Sometimes, the little things tell you a lot. Here’s one example:

Earlier this week, Senate Majority Leader Harry Reid supposedly said that he didn’t really care whether the shutdown of the National Institutes of Health meant that some child afflicted with cancer might be denied treatment at an NIH facility. It was an egregious distortion of Reid’s statement, but politics being what it is these days, it became instant fodder for the outrage machine.

The Drudge Report and other conservative websites highlighted it. Fox News delighted in it. FreedomWorks, the corporate arm of the Tea Party, incorporated it into its fundraising appeals under the headline “Harry Reid: No help for cancer kids”. “How out of touch and heartless can Senate Democrats be?” the National Republican Senatorial Committee asked.

And not to be outdone, Sean Hannity called Reid “a sick, twisted old man … cold, callous, heartless, mean-spirited, hateful.”

Let’s take a step back and think about this. Let’s pretend that Reid actually did say and mean what he is accused of saying. If I understand it correctly, conservatives are taking the stance that it is sick and twisted to deny government-funded health care to an imaginary child afflicted with cancer. Do I have that right?
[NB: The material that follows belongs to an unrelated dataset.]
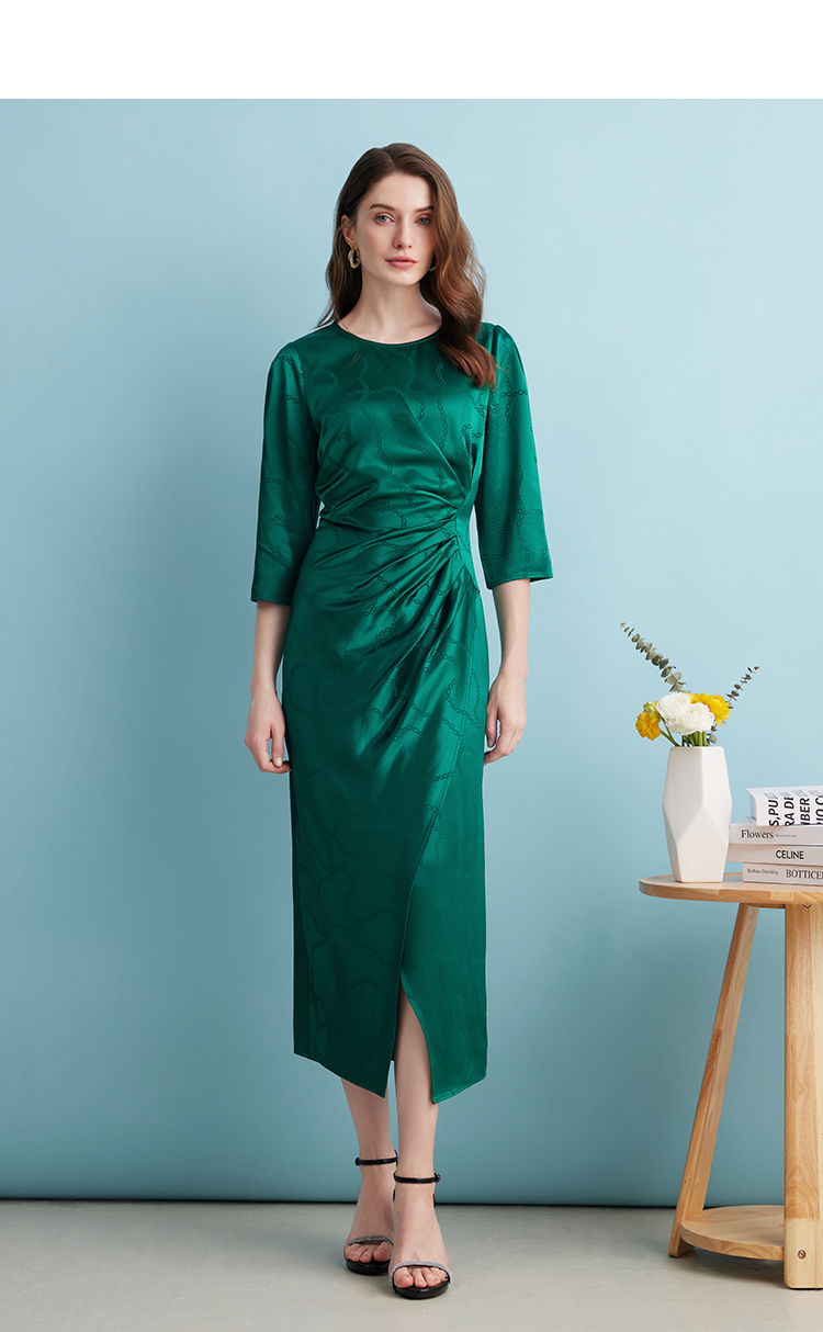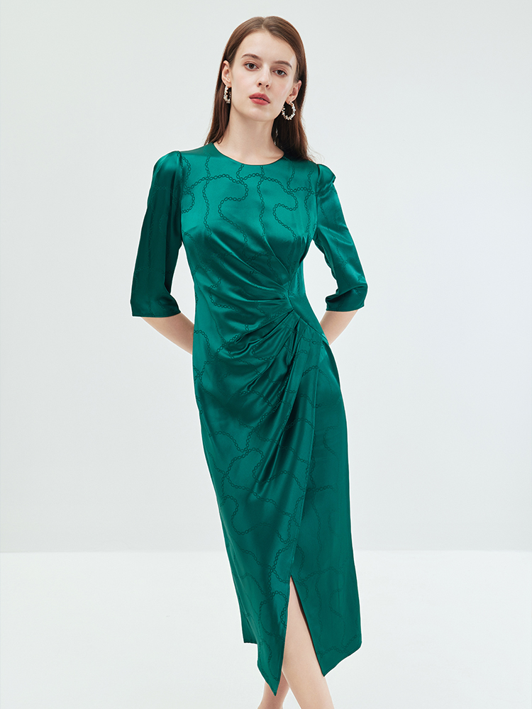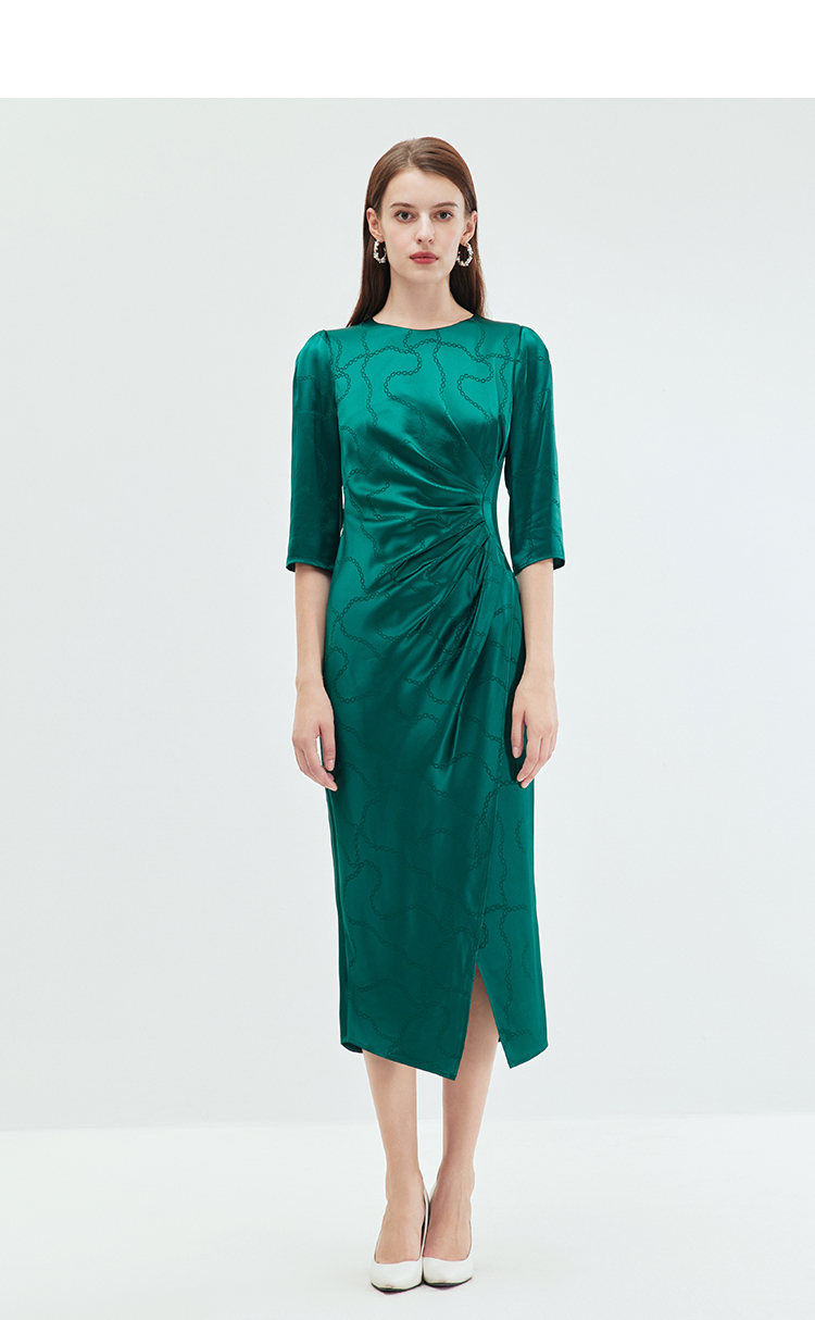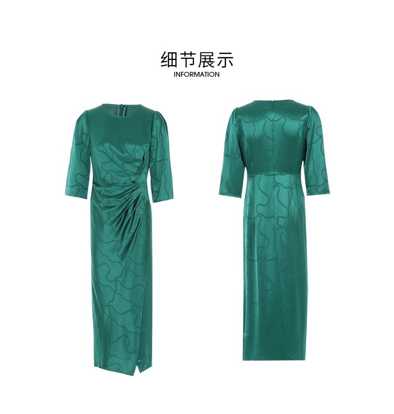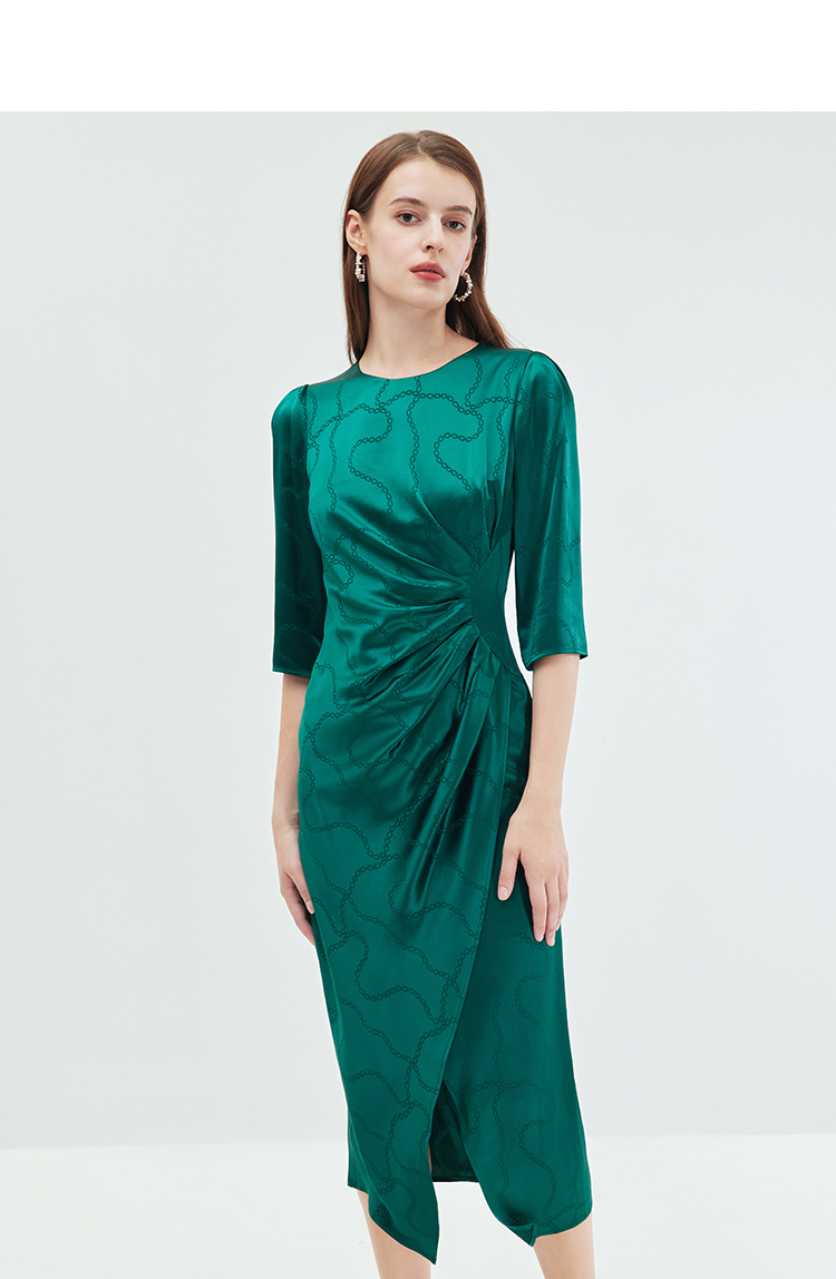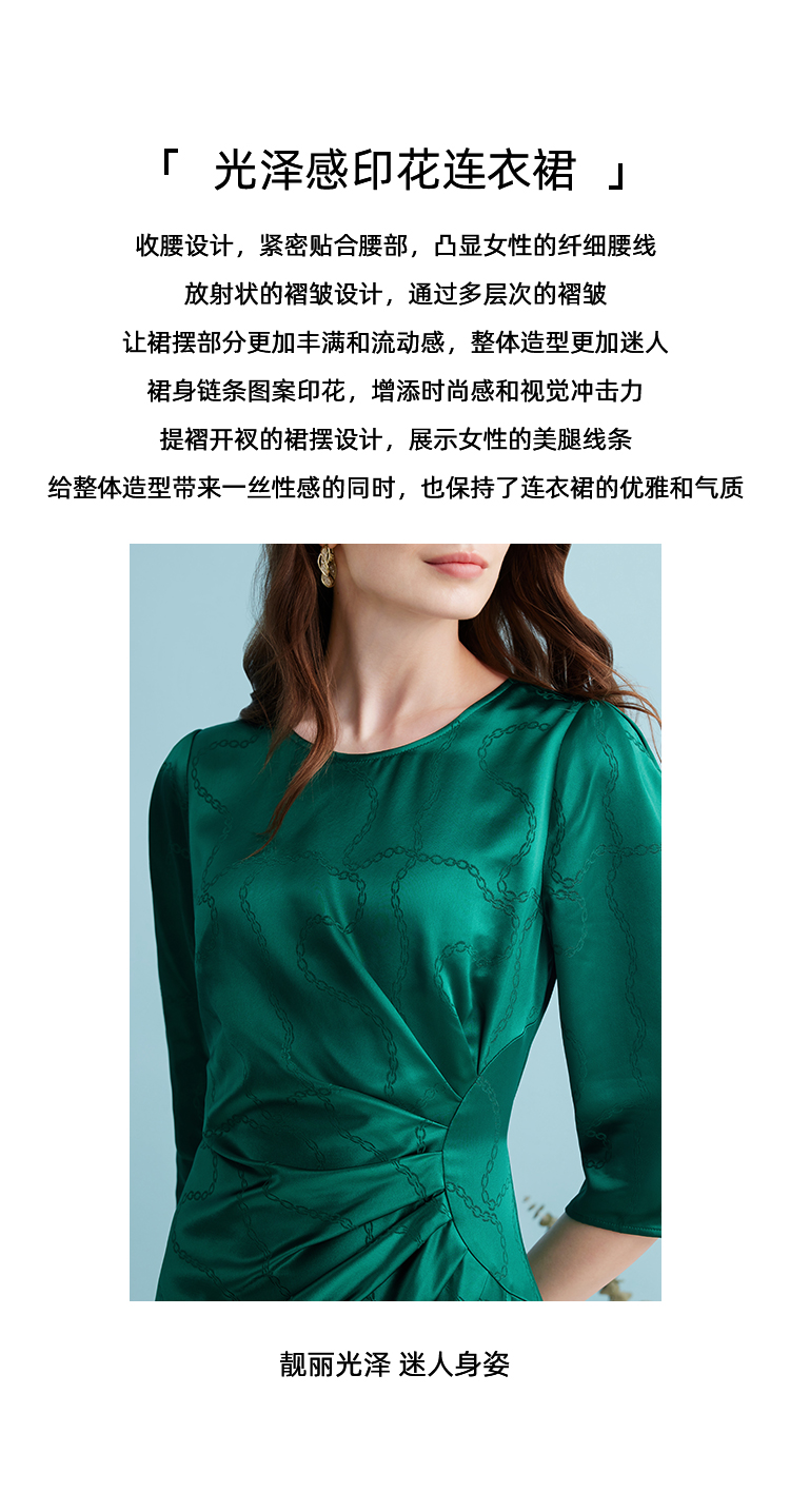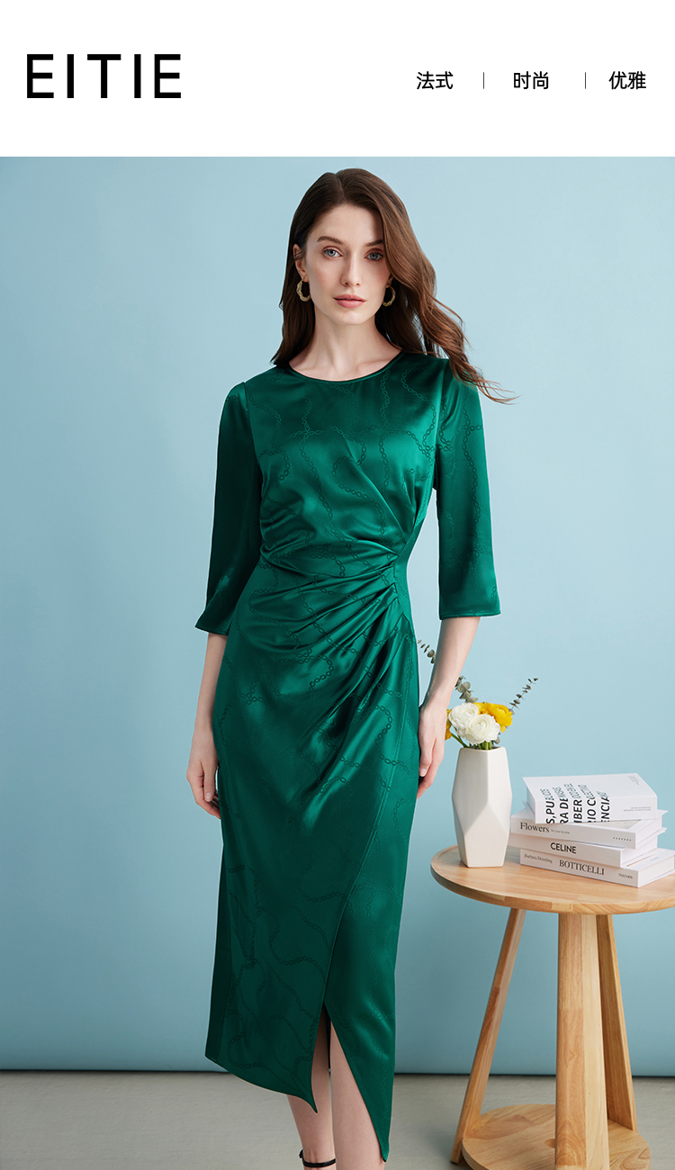 EITIE连衣裙精致大方圆领提褶收腰开叉绿色印花连衣裙秋季新款C2307250

Interesting. Well, under budget cuts that President Obama and his fellow Democrats have begged the Republicans to reconsider, the NIH has been forced to slash $1.7 billion from its 2013 budget. Because of that cutback, it was forced to cancel 700 grants to scientists doing cutting-edge research work into disease. It also was forced to deny some 750 real-life, actual patients the right to be admitted to the NIH Clinical Center.

So, if it is “sick and twisted” to deny treatment to one cancer patient, as Reid allegedly is prepared to do, what do you say of a party that denies such treatment to 750 such people? (In 2014, the cutbacks to patient care at NIH will be even more profound.)

And of course, even that doesn’t begin to plumb the true depths of hypocrisy. While conservatives accuse Reid of callous heartlessness by denying government-funded health care to a single imaginary kid with cancer, they are battling to deny health insurance to 30 million of our fellow Americans. In Georgia alone, Gov. Nathan Deal has refused to extend Medicaid coverage to 650,000 lower-income Georgians, and state officials are doing everything they can to ensure that as few Georgians as possible take advantage of other aspects of the program.

How many of those 650,000, including children, might have cancer or other life-threatening illnesses that are going undetected and untreated because they can’t afford a simple checkup? Apparently, the outrage on the right is driven by some Stalinesque logic that one patient denied government health care is a politically usable tragedy, while 30 million denied health care is a mere statistic.

Myself, I don’t think of those 30 million that way.

Again, the incident itself is relatively minor, but it highlights the central dilemma in our debate over health care. Nobody wants to deny medical care to those who need it. We instinctively shrink from doing so, which is why Ronald Reagan signed legislation in 1986 making it illegal to deny care in emergency rooms.

The question is whether that instinctive sense of responsibility for each other has any real meaning, or whether it’s an occasional thing that we use to make ourselves feel better about ourselves, and at times to bash each other.